*** Opening of Recorded data ***

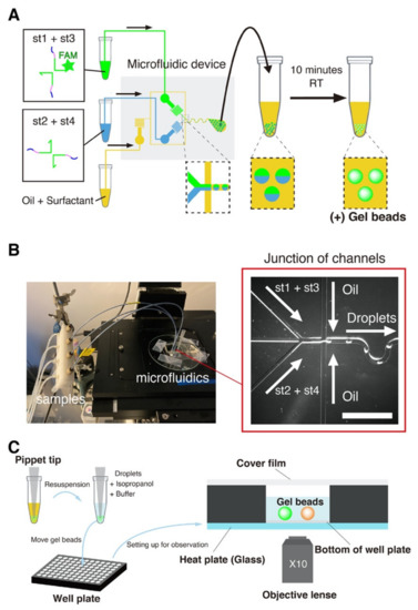 In order to observe the morphology of the DNA beads, we resuspended them in an aqueous buffer (made by adding 150 mM NaCl to 1× Tris-EDTA buffer pH 8.0, and then vortexing for 30 s). (Note that in the present study, “droplets” refer to vesicles of water in oil, while “beads” refer to spherically-shaped microgels of DNA strands). We observed the gel beads in microwell plates (PerkinElmer, Waltham, MA, USA) with epifluorescence microscopy (Ti-2, Nikon, Tokyo, Japan) using a 10× objective (Nikon, Tokyo, Japan) and appropriate filters (Figure 2C). To remove the oil phase, we first mixed the emulsion coming out of the device with isopropanol in a buffer (1μL of isopropanol, 1μL of droplet, and 8 μL of buffer). After that, we put this solution in the well plate and filled it up to 50 μL with a buffer. In order to avoid bias in the number of gel beads between samples, the tube contain hydrogel beads was well stirred before transfer of the beads to the well plate. Furthermore, we closed the well with a PCR film (Biorad, Hercules, CA, USA) to prevent evaporation of the solution.
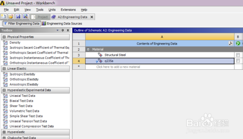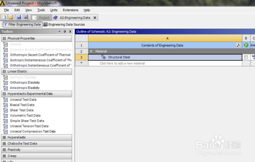接著在工程A中雙擊工程數(shù)據(jù),Engineering Data,進(jìn)去后可看到系統(tǒng)默認(rèn)的材料屬性為結(jié)構(gòu)鋼。
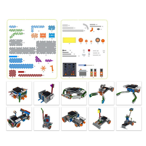 Конструктор Huna MRT (My Robot Time) создан для детей, увлекающихся робототехникой в новой версии этого года. Подходит для младших школьников (1-4 класс). Из деталей этого конструктора вы вместе с ребенком соберете множество роботов: рыцаря, бойца, футболиста, сумоиста, лыжника и т.д. Кроме этого, можно сконструировать поезд, танк, гоночную машинку, игру «Попади в цель» и многое другое.
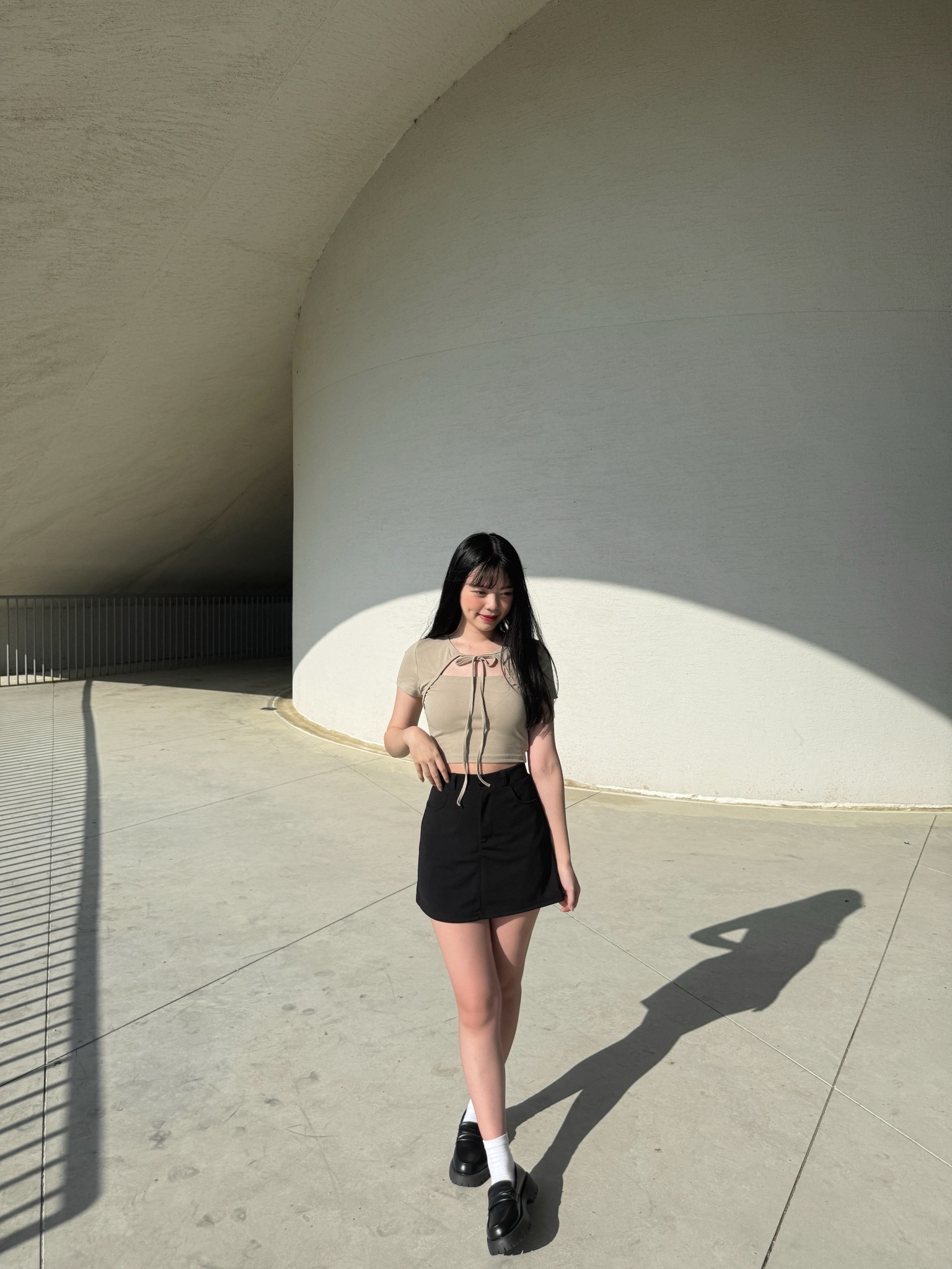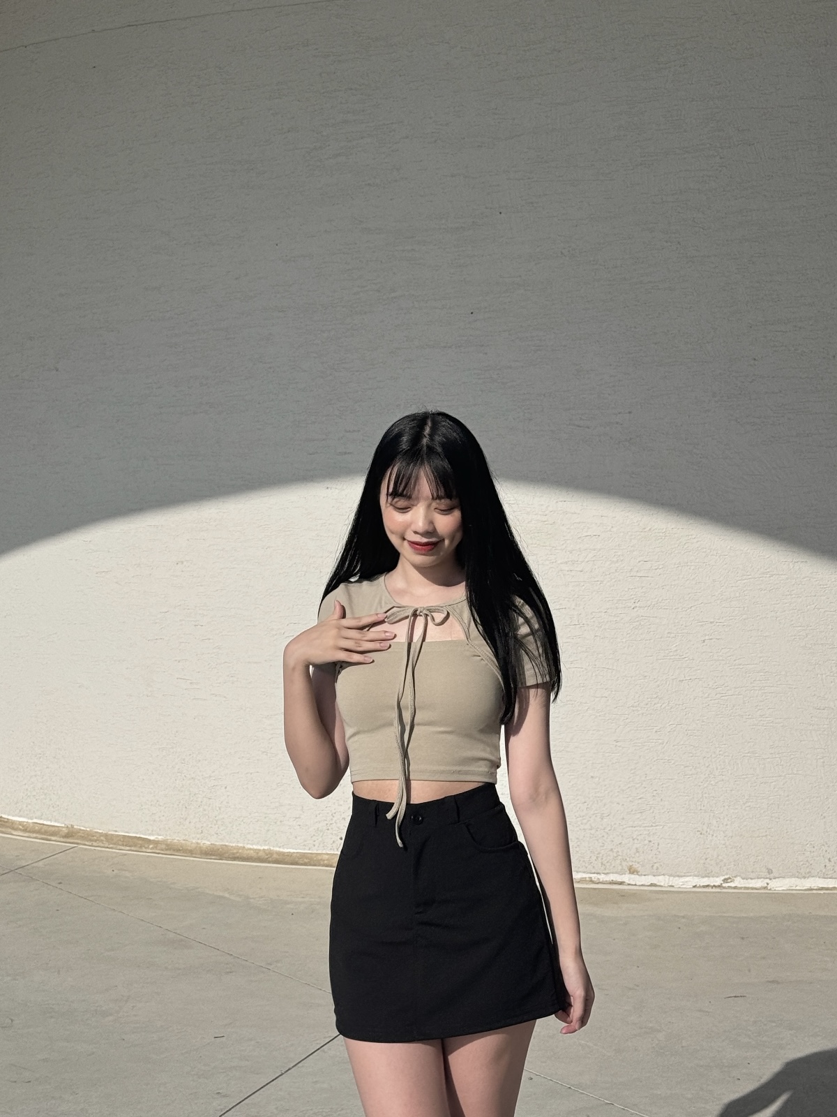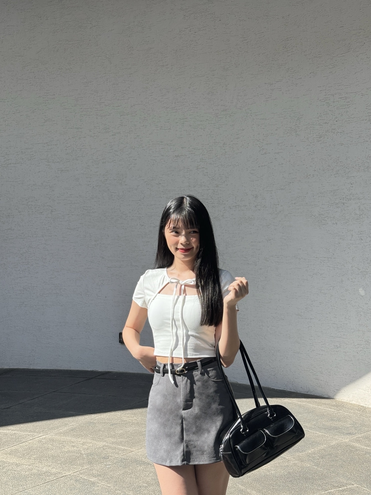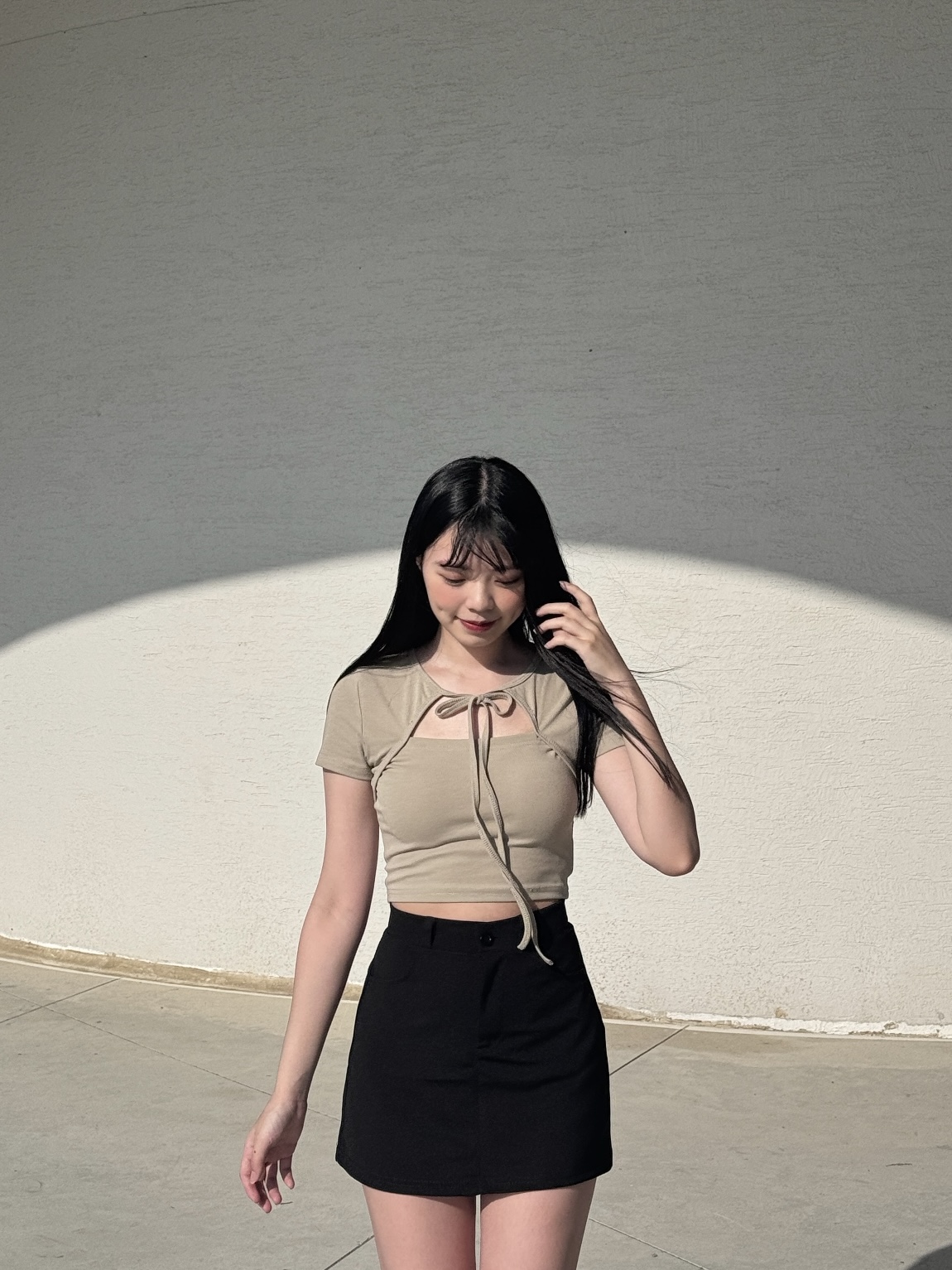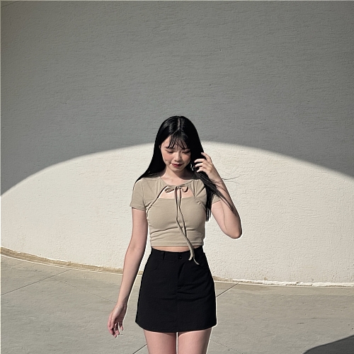 # 微甜綁帶 | 自帶bra簍空綁帶短袖
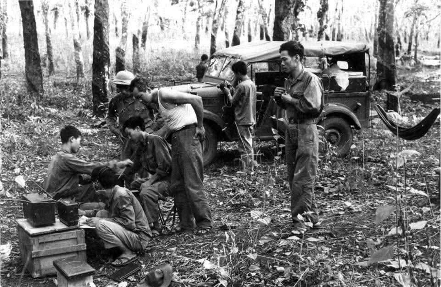 Nhà báo Trần Mai Hưởng cùng các phóng viên chiến trường TTXVN trên đường vào mặt trận, dừng chân trong rừng Trường Sơn. Ảnh: Tư liệu (TTXVN) |
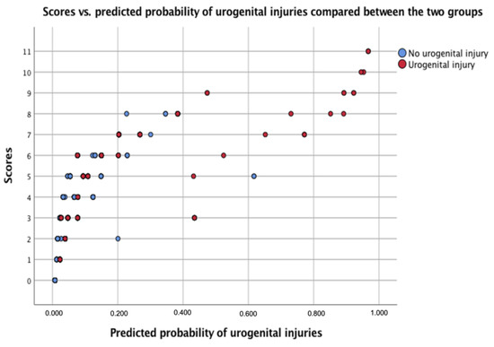 Assessment of the proposed UPPS score. Scatter blot demonstrating UPPS score vs. predicted probability of urogenital injuries, compared between patient groups with and without urogenital injuries.
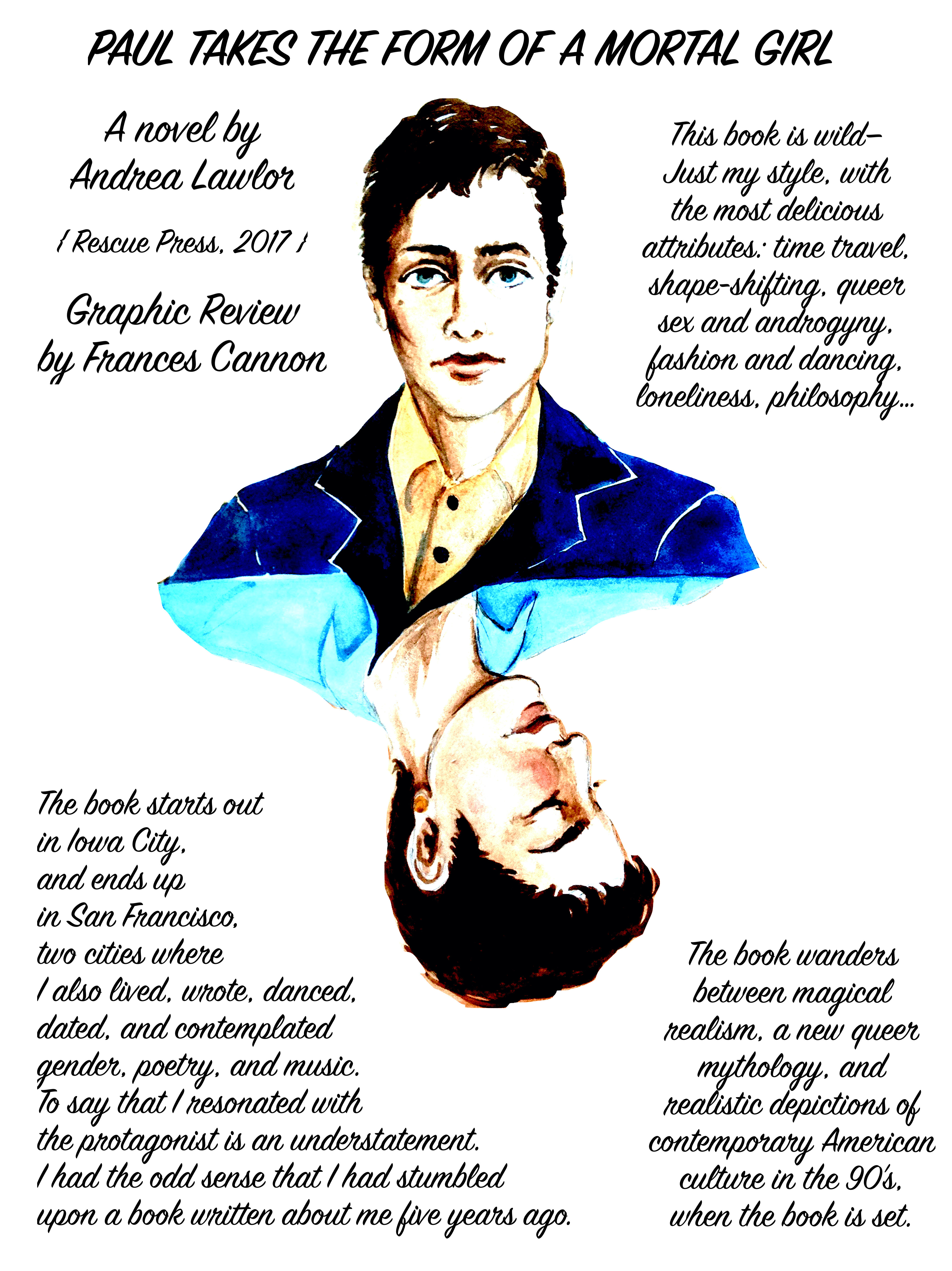 I wrote a graphic book review on Andrea Lawlor’s Paul Takes the Form of a Mortal Girl, one of my favorite books that I have read in the past few years, and it has now been published in Refuze Review (which burned hot and bright and I believe is now defunct, sadly!). However, you can read the full piece below:
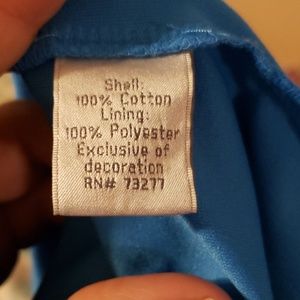 Blue spaghetti strap dress with palm tree and sailboat print and button detail. Adjustable straps. Pockets!
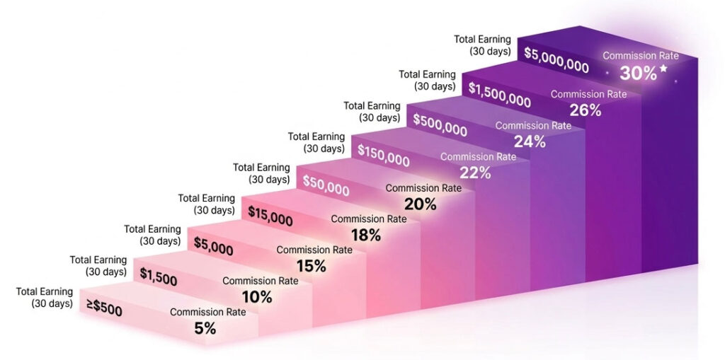 | Class | Total Earning in Recent 30 Days (USD) | Commission Ratio |
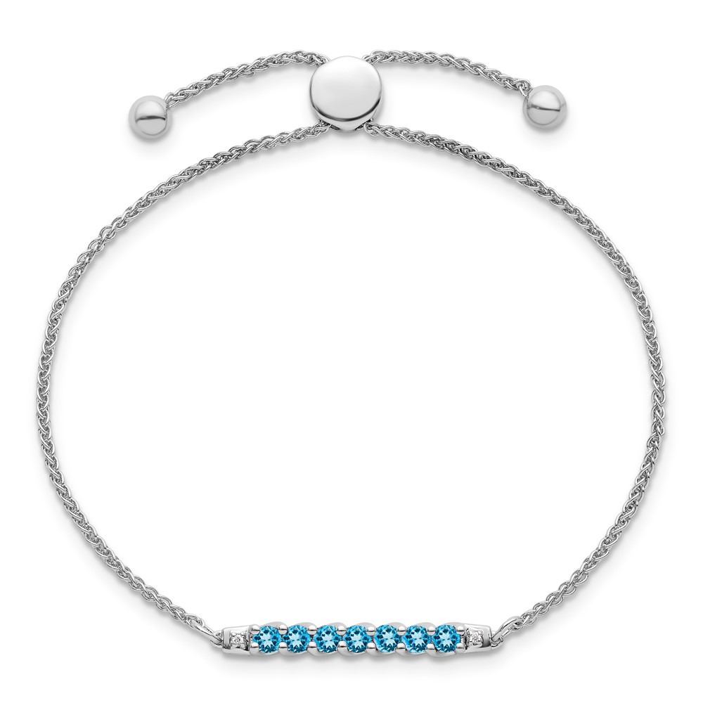 10kw Blue Topaz & Diamond Adjustable SS Bracelet
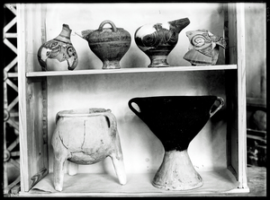 Part of a group of images from explorations and excavations on the island of Melos conducted by the British School at Athens from 1896 to 1899. The original description in the SPHS register reads: "Phylakopi pottery: Devil jug: naturalistic pot. (good examples) ".
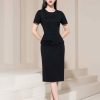 Mẫu đầm đen dáng midi DK8481 toát lên vẻ đẹp thanh lịch chuẩn mực của thời trang cao cấp, với phom dáng ôm vừa vặn giúp tôn trọn đường cong cơ thể một cách tinh tế và đầy khí chất. Thiết kế cổ tròn kín đáo kết hợp tay ngắn gọn gàng tạo nên tổng thể trang nhã, chuẩn mực nhưng không hề đơn điệu, phù hợp cho cả môi trường công sở cao cấp lẫn các sự kiện trang trọng.
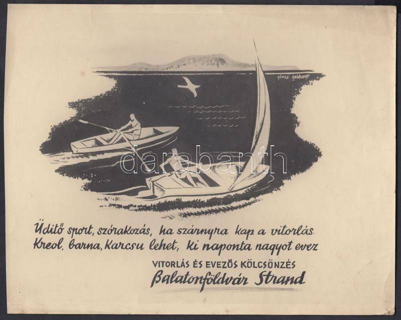 cca 1930-1940 Gönczi-Gebhardt Tibor (1902-1994) grafikusművész balaton... https://www.darabanth.com/hu/206-Gyorsarveres/206.0/Festmeny-mutargy-papirregiseg-egyeb/Foto~10022/cca-1930-1940-Gonczi-Gebhardt-Tibor-1902-1994-grafikusmuvesz-balatonfoldvari-reklam-grafika~II828531
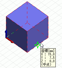 スケッチ中に中点スナップをONにしていると、既存ボディの辺上にカーソルが来た時、 その辺の中点と、中点の属するボディがハイライトされて座標値を拾うことができます。 中点がハイライトされた場合には、ツールチップに(中点)が表示されます。
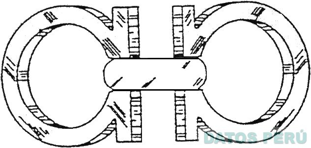 LA FIGURA DE DOS HERRADURAS DISPUESTAS HORIZONTALMENTE UNIDAS POR UNA BANDA, CONFORME AL MODELO ADJUNTO
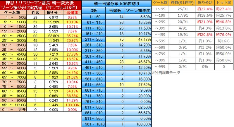 サラリーマン番長 朝一設定変更時 挙動 恩恵 実践値757件
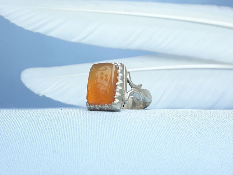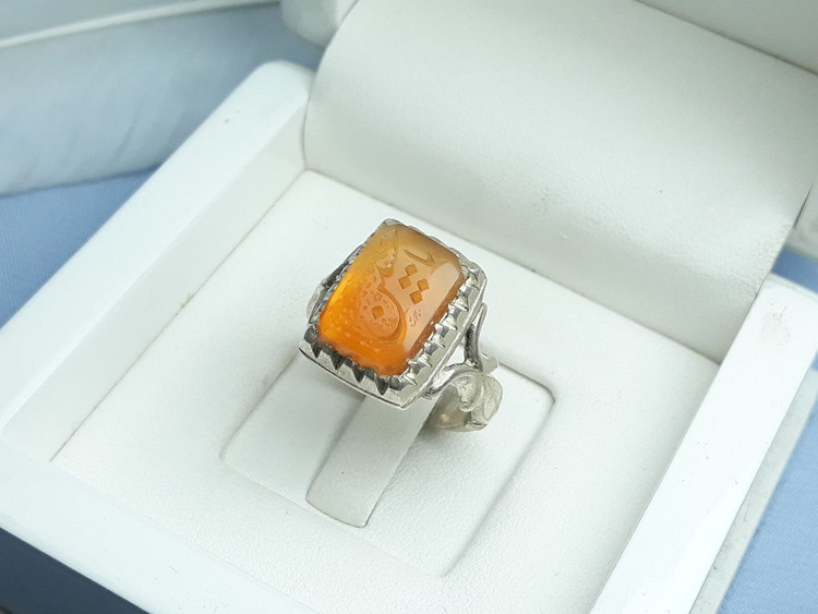 عقیق یمنی پرتقالی خطی
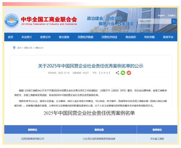 石藥集團榮膺“2025年中國民營企業(yè)社會責任優(yōu)秀案例”稱號
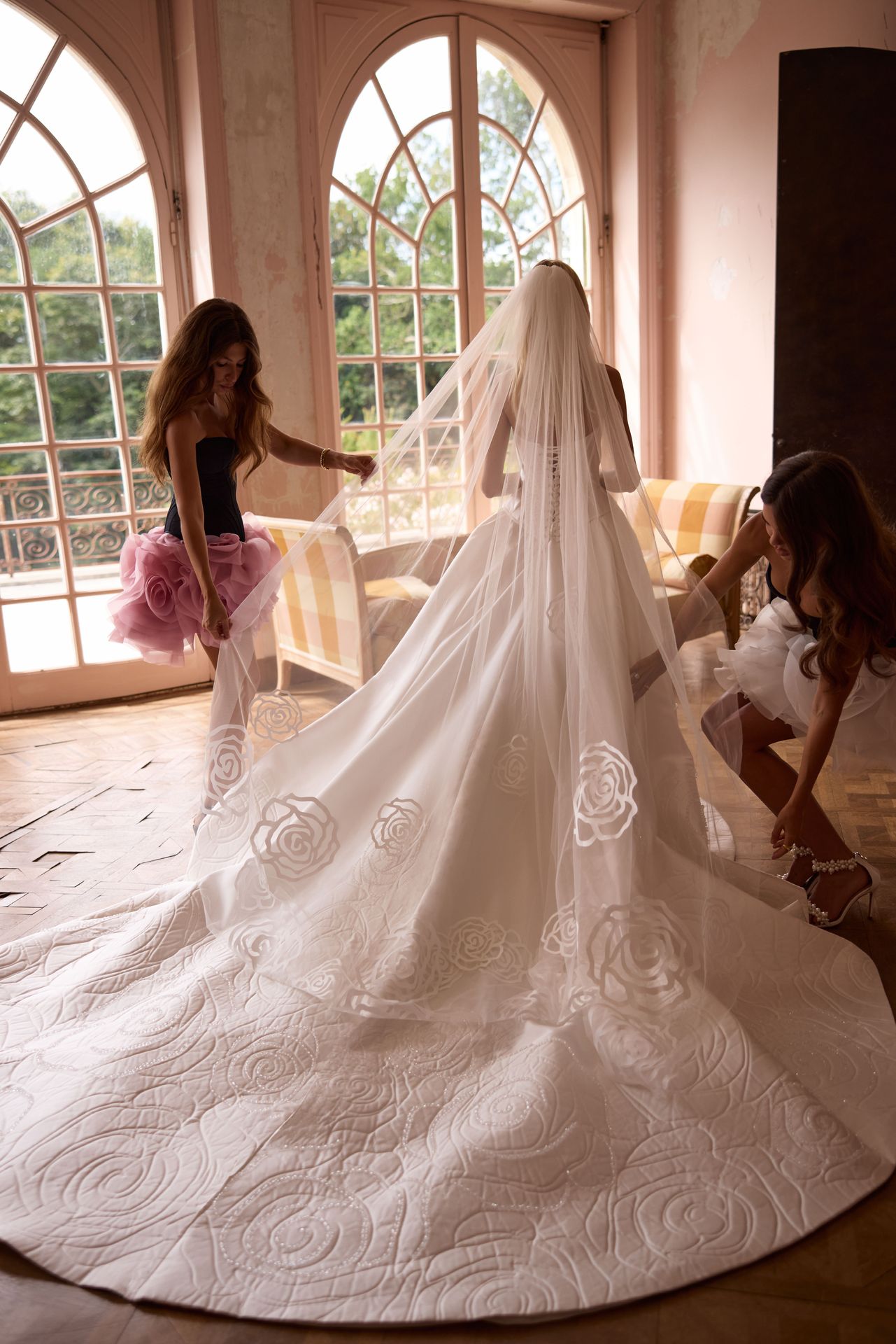 Velo ornamental de tul de una sola capa, cuidadosamente adornado a mano con aplicaciones únicas de rosas que recorren delicadamente todo el borde.

*** Close of Recorded data ***

▶ **What is being asked**
Your answer should be the exact lines above from the one containing "Blue spaghetti strap" through the one containing "Part of a group", with both end lines kept and the pictures removed, please.

▶ **Response**
 Blue spaghetti strap dress with palm tree and sailboat print and button detail. Adjustable straps. Pockets!
 | Class | Total Earning in Recent 30 Days (USD) | Commission Ratio |
 10kw Blue Topaz & Diamond Adjustable SS Bracelet
 Part of a group of images from explorations and excavations on the island of Melos conducted by the British School at Athens from 1896 to 1899. The original description in the SPHS register reads: "Phylakopi pottery: Devil jug: naturalistic pot. (good examples) ".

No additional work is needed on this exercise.